» REQUIRED WORK
For this item, repeat the material exactly while omitting its pictures.

** DATA TO PROCESS follows **

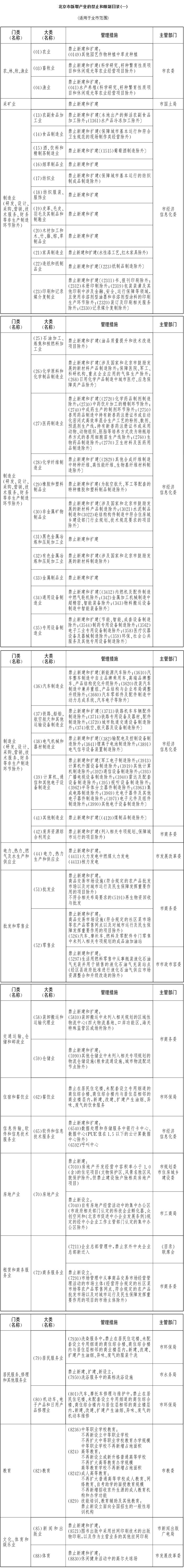 北京市新增產(chǎn)業(yè)的禁止和限制目錄(2015年版)
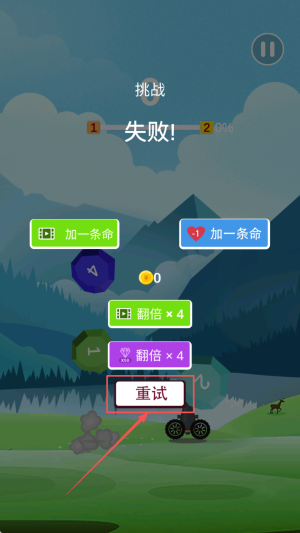 4、如何重试关卡:在游戏失败后,点击“重试”按钮,重新开始当前关卡。
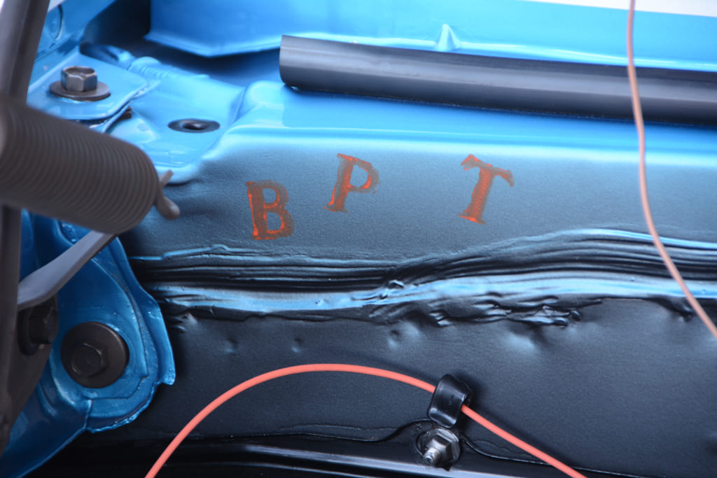 032 Close up of the engine bay showing BPT marked on the engine block indicating custom tuning or parts
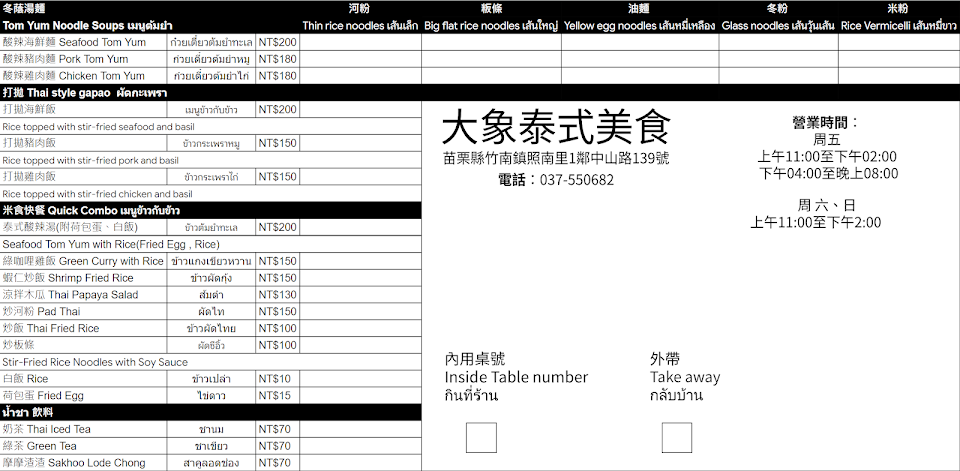 2024最新在地推薦餐廳的菜單_NiNa Thai Food 大象泰式美食的菜單、圖片
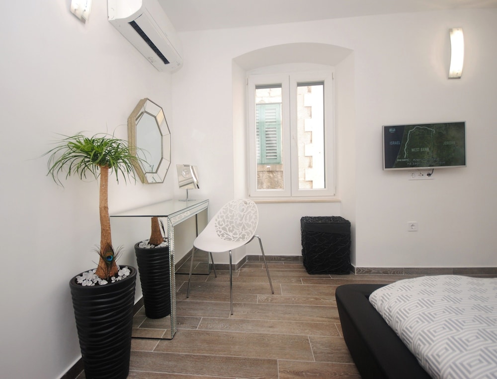 Riva-promenadi sijaitsee kivenheiton päässä ja Diokletianuksen palatsi puolestaan 7 minuutin kävelymatkan päässä. Tämä huoneisto sijaitsee 1,2 km:n päässä kohteesta Splitin satama ja 0,9 km:n päässä kohteesta Splitin satama. Tässä majoituspaikassa on 2 viihtyisää huonetta. Huoneiden varusteluun kuuluu muun muassa keittiö, jossa on täysikokoinen jääkaappipakastin ja uuni. Mukavuuksiin kuuluu älytelevisio ja digitaalikanavat. Käytössäsi on myös ilmainen langaton internetyhteys. Huone siivotaan päivittäin. Huoneissa on mikroaaltouuni ja kahvin-/vedenkeitin. Etäisyydet pyöristetään lähimpään 0,1 mailiin ja kilometriin.

** End of DATA TO PROCESS **

» THE ANSWER
 北京市新增產(chǎn)業(yè)的禁止和限制目錄(2015年版)
 4、如何重试关卡:在游戏失败后,点击“重试”按钮,重新开始当前关卡。
 032 Close up of the engine bay showing BPT marked on the engine block indicating custom tuning or parts
 2024最新在地推薦餐廳的菜單_NiNa Thai Food 大象泰式美食的菜單、圖片
 Riva-promenadi sijaitsee kivenheiton päässä ja Diokletianuksen palatsi puolestaan 7 minuutin kävelymatkan päässä. Tämä huoneisto sijaitsee 1,2 km:n päässä kohteesta Splitin satama ja 0,9 km:n päässä kohteesta Splitin satama. Tässä majoituspaikassa on 2 viihtyisää huonetta. Huoneiden varusteluun kuuluu muun muassa keittiö, jossa on täysikokoinen jääkaappipakastin ja uuni. Mukavuuksiin kuuluu älytelevisio ja digitaalikanavat. Käytössäsi on myös ilmainen langaton internetyhteys. Huone siivotaan päivittäin. Huoneissa on mikroaaltouuni ja kahvin-/vedenkeitin. Etäisyydet pyöristetään lähimpään 0,1 mailiin ja kilometriin.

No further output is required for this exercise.